The same analysis was performed in fruit flies (ten species, Drosophila 12 Genomes Consortium, 2007; 9846 groups of predicted orthologues), mosquitoes (four species, Ensembl Metazoa release 20, 4115 orthologues), mammals (twelve species, Orthomam v7, Ranwez et al., 2007, 3913 orthologues) and birds (five species, Ensembl release 73, 8574 orthologues). The list of analysed species is provided in Table S2. In fruit flies, two species, D. sechelia and D. persimilis, were excluded from the data set because they are very closely related to D. simulans and D. pseudobscura, respectively, so that their inclusion would create very short branches problematic for substitution rate analysis. In mammals, the twelve species were selected based on criteria of genome coverage and phylogenetic distribution. In each of birds and mosquitoes, all the fully sequenced genomes were used.

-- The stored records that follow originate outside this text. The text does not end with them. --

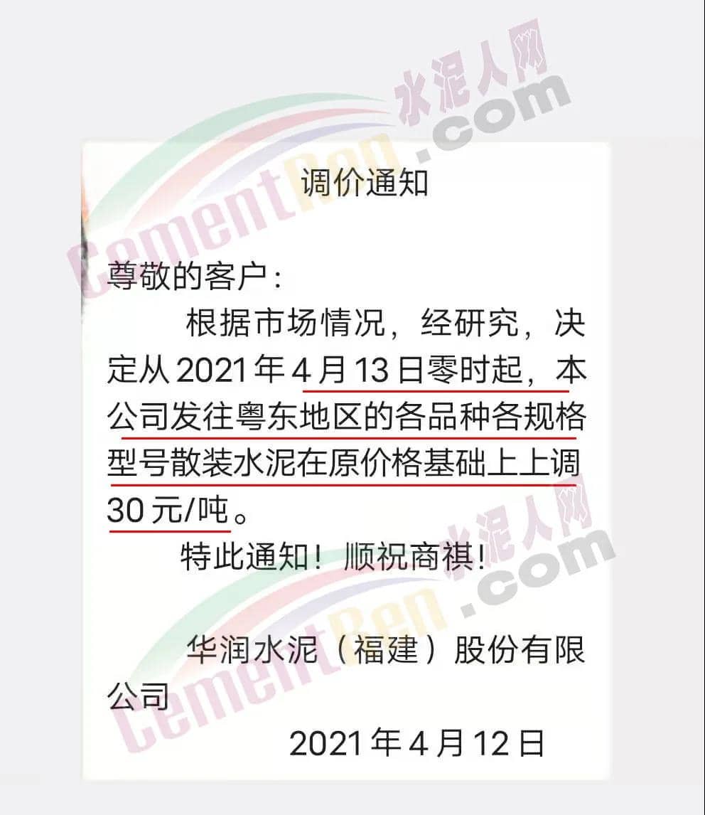 華潤水泥(福建)股份有限公司通知從4月13日零時起,公司發(fā)往粵東地區(qū)的各品種各規(guī)格型號散裝水泥在原價格基礎上上調(diào)30元/噸。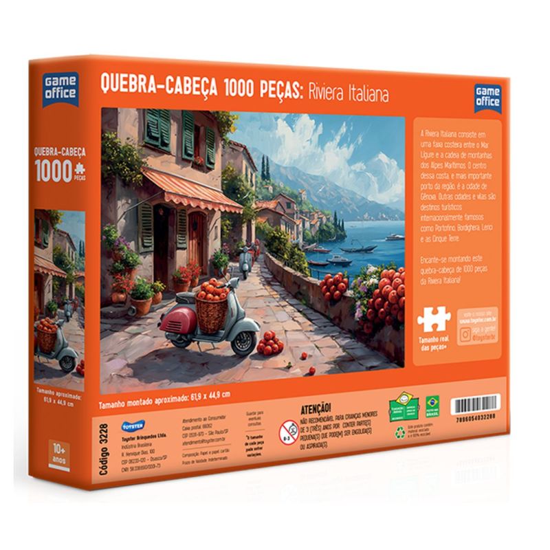 Explore a deslumbrante Riviera Italiana! Este quebra-cabeça captura a deslumbrante costa italiana em detalhes encantadores! Temos um padrão internacional de qualidade e encaixe suave que pode ser sentido em cada peça! Material: papel e papel cartão. Certificação Segurança: Selo Inmetro. Garantia do Fabricante: 03 meses contra defeitos de fabricação. Aviso: Imagens meramente ilustrativas. As cores podem variar entre as imagens mostradas acima e o produto.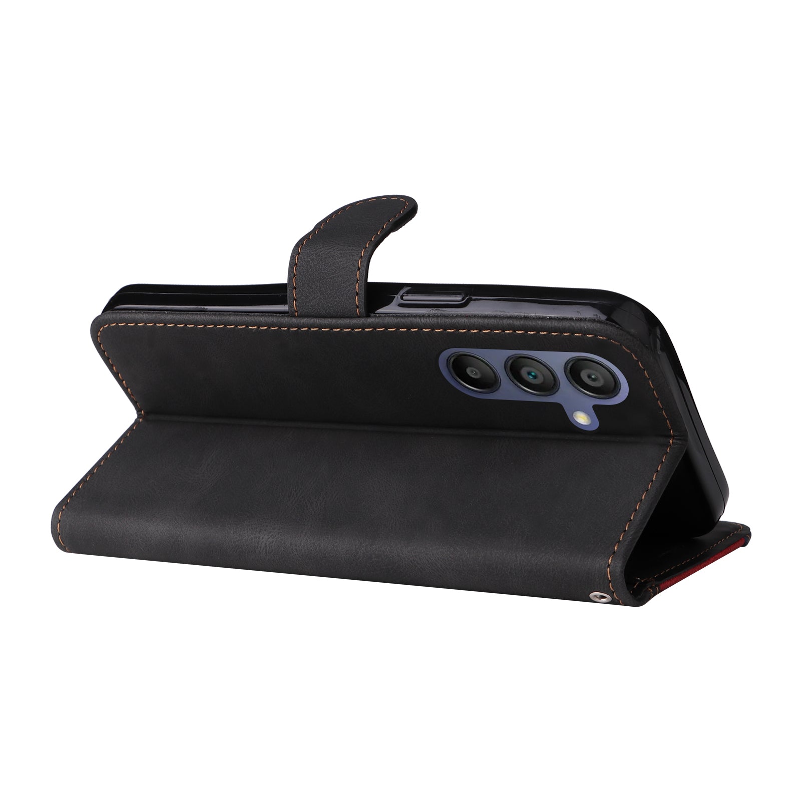 For Samsung Galaxy A16 5G / A16 4G Case Flip Wallet Leather Phone Cover 3 Color Splicing - Black

The phylogenetic trees used in these analyses were obtained from the literature:
In ants, fruit flies and mammals, the per-site, per-million year average synonymous substitution rate was estimated by first assigning a date to each internal node based on the literature (Hedges et al., 2006; Obbard et al., 2012; Moreau & Bell, 2013), then dividing branch length (measured in per-site synonymous substitutions) by divergence time for each terminal branch and finally taking the average across terminal branches.

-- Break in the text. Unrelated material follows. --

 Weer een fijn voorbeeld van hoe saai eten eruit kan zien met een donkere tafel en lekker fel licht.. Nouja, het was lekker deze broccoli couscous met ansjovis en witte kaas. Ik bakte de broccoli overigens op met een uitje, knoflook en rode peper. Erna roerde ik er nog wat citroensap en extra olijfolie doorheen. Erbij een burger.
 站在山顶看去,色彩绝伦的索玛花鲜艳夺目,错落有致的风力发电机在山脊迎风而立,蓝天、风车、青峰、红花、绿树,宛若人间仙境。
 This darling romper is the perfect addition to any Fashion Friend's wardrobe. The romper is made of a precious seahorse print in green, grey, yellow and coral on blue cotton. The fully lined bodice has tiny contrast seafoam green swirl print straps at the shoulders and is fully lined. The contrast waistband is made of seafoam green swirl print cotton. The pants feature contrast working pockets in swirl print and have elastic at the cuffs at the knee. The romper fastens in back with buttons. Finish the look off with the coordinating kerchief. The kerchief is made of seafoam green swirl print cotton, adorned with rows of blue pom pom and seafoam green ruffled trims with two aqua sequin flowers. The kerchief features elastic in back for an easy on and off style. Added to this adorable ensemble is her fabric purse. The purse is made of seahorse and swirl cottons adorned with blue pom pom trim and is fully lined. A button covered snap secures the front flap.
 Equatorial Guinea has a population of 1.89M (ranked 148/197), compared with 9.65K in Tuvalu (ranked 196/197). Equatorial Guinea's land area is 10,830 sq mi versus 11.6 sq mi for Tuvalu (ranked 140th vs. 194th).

Population genomic data sets
The whole-body transcriptome of four to eleven wild-caught individuals from seven species of insects (four eusocial, three solitary) was Illumina-sequenced. cDNAs, ORFs, SNPs and genotypes were predicted following Gayral et al. (2013). In house mosquito, the assembly step did not work properly – a low number of relatively short contigs were obtained, perhaps due to the shorter read length (50 bp) and elevated genetic diversity (see below) in this species. Therefore, we used a publicly available transcriptome assembly based on the house mosquito genome project instead of our de novo assembly (see 'Materials and methods'). Population genomic statistics regarding within-species variation in ~8000 genes of the fruit fly Drosophila simulans (Diptera), a fourth solitary species, were obtained from Begun et al. (2007). Table 1 summarizes the data sets finally obtained and analysed. The number of genes (ORFs) sufficiently covered to be included in the analysis varied from ~3000 house mosquito, sweat bee) to ~13 000 (small skipper), and their average length from 201 (Glanville fritillary) to 1068 (big-headed ant). These numbers are somewhat related to the total amount of data available per species. No significant difference was detected in average number of ORFs and average ORF length between eusocial and solitary species.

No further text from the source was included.